-- EXERCISE DATA --
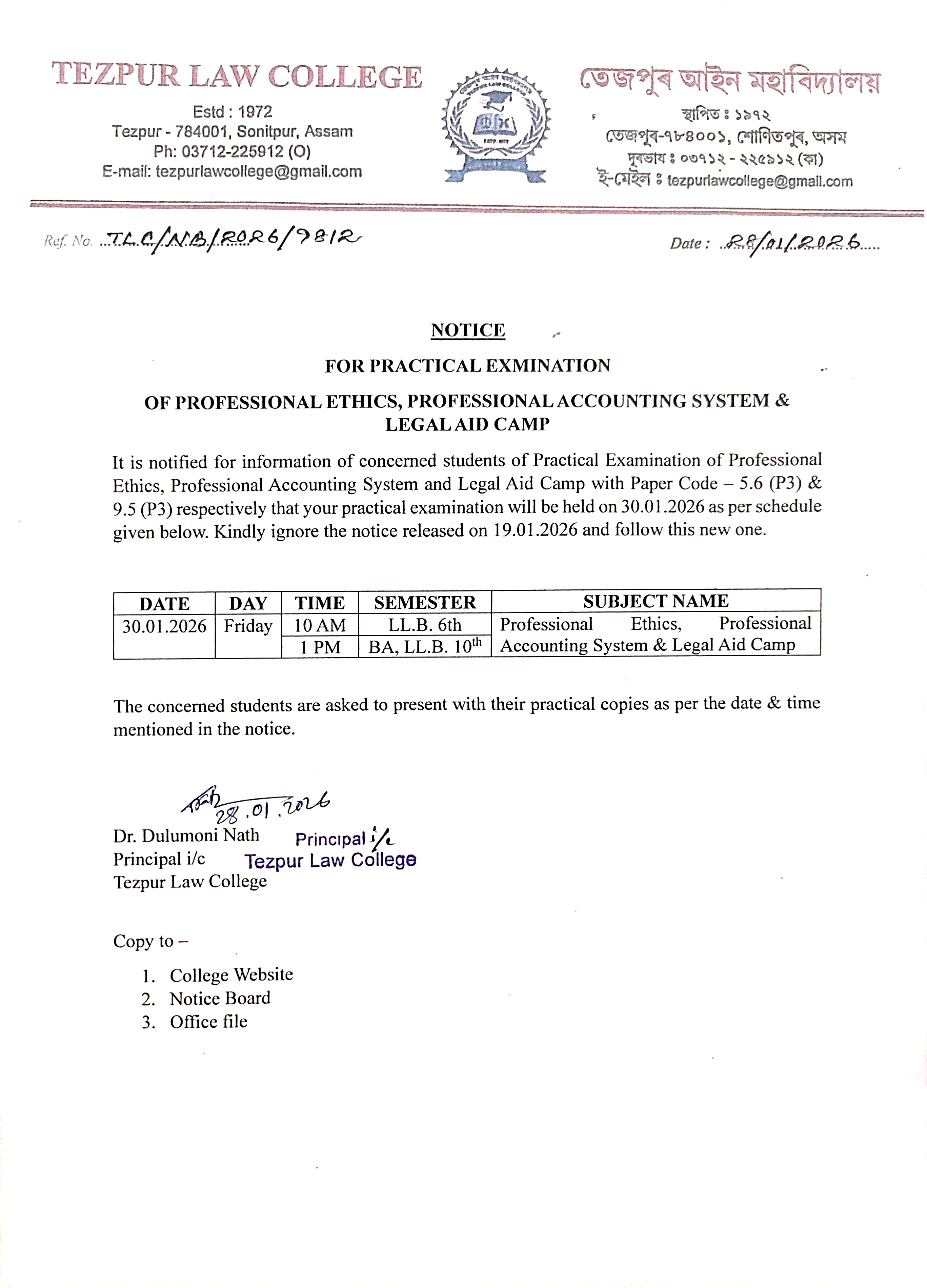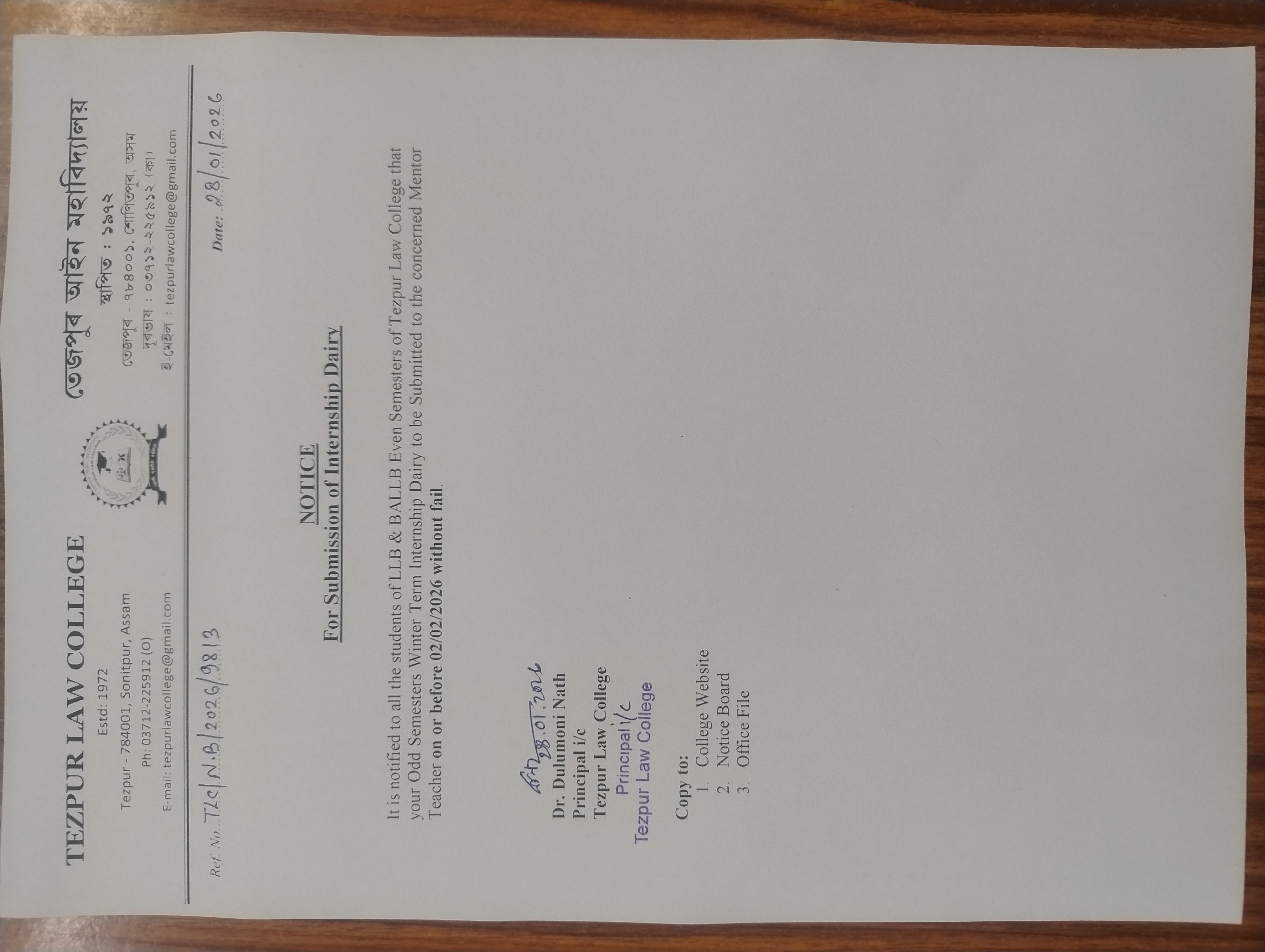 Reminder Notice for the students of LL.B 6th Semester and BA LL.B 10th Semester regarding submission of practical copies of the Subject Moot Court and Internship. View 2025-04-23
* * *
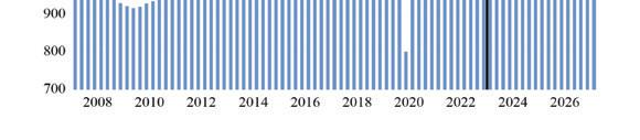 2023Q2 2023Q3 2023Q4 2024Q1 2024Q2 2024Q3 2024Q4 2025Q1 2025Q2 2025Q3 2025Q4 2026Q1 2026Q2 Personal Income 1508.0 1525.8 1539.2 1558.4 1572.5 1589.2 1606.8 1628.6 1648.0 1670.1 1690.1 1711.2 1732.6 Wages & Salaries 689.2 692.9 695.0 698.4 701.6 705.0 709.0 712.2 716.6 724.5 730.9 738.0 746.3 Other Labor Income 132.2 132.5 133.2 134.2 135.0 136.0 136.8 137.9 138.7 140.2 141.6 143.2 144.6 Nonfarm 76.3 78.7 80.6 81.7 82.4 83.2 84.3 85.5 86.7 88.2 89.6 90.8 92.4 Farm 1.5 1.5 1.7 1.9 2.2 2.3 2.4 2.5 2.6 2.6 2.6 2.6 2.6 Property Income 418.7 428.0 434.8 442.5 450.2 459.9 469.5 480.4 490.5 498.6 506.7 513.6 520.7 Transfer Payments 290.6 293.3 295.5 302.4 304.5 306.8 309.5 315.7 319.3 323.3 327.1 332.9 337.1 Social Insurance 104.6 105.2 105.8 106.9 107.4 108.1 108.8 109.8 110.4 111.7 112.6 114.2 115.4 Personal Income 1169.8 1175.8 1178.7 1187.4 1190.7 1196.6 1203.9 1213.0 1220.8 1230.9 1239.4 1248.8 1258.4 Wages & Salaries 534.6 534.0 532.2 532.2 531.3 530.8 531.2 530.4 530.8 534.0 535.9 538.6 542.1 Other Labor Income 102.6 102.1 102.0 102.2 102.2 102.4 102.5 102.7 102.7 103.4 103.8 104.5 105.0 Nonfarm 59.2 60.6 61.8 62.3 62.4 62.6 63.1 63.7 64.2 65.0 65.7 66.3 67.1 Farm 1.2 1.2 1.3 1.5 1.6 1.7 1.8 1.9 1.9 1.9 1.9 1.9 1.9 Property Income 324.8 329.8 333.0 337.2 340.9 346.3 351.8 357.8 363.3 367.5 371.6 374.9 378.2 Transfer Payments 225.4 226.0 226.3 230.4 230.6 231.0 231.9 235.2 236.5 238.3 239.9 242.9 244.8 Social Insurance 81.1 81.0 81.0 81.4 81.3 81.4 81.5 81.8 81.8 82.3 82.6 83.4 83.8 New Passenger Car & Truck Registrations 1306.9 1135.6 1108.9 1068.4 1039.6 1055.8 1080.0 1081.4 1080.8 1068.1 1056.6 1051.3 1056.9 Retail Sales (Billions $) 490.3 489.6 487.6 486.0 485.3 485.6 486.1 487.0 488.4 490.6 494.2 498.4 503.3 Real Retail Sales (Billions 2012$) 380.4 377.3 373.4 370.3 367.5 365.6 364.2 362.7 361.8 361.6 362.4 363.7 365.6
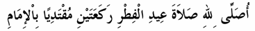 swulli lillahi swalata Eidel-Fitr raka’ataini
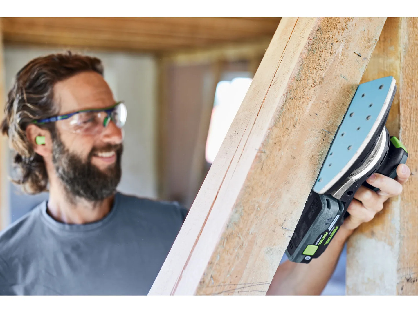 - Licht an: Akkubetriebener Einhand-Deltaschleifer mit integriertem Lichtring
* * *
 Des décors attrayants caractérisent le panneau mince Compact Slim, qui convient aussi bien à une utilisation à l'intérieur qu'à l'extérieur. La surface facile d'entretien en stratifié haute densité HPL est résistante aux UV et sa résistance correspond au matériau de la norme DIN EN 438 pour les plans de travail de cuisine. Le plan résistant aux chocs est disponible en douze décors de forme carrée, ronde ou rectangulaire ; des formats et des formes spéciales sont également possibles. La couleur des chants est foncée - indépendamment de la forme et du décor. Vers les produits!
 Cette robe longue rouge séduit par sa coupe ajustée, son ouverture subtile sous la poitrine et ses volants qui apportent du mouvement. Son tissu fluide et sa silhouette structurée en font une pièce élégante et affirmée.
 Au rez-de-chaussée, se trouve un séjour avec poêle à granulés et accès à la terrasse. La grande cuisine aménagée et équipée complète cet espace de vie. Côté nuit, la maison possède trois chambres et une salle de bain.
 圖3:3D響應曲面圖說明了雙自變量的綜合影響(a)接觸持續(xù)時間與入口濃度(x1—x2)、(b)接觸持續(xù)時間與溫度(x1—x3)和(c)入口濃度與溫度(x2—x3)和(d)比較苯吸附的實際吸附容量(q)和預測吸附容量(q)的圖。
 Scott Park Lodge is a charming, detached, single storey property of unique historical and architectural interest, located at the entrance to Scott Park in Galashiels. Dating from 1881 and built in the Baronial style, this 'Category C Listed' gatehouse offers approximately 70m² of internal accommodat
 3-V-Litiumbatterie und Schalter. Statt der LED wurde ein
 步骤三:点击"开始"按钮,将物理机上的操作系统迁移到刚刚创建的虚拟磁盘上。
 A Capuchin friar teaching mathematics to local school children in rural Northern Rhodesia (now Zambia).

-- WHAT IS BEING ASKED --
When the line with "Cette robe longue" is reached in the data above, begin copying, and stop after the line with "A Capuchin friar"; copy each line exactly, both ends included.

-- ANSWER --
 Cette robe longue rouge séduit par sa coupe ajustée, son ouverture subtile sous la poitrine et ses volants qui apportent du mouvement. Son tissu fluide et sa silhouette structurée en font une pièce élégante et affirmée.
 Au rez-de-chaussée, se trouve un séjour avec poêle à granulés et accès à la terrasse. La grande cuisine aménagée et équipée complète cet espace de vie. Côté nuit, la maison possède trois chambres et une salle de bain.
 圖3:3D響應曲面圖說明了雙自變量的綜合影響(a)接觸持續(xù)時間與入口濃度(x1—x2)、(b)接觸持續(xù)時間與溫度(x1—x3)和(c)入口濃度與溫度(x2—x3)和(d)比較苯吸附的實際吸附容量(q)和預測吸附容量(q)的圖。
 Scott Park Lodge is a charming, detached, single storey property of unique historical and architectural interest, located at the entrance to Scott Park in Galashiels. Dating from 1881 and built in the Baronial style, this 'Category C Listed' gatehouse offers approximately 70m² of internal accommodat
 3-V-Litiumbatterie und Schalter. Statt der LED wurde ein
 步骤三:点击"开始"按钮,将物理机上的操作系统迁移到刚刚创建的虚拟磁盘上。
 A Capuchin friar teaching mathematics to local school children in rural Northern Rhodesia (now Zambia).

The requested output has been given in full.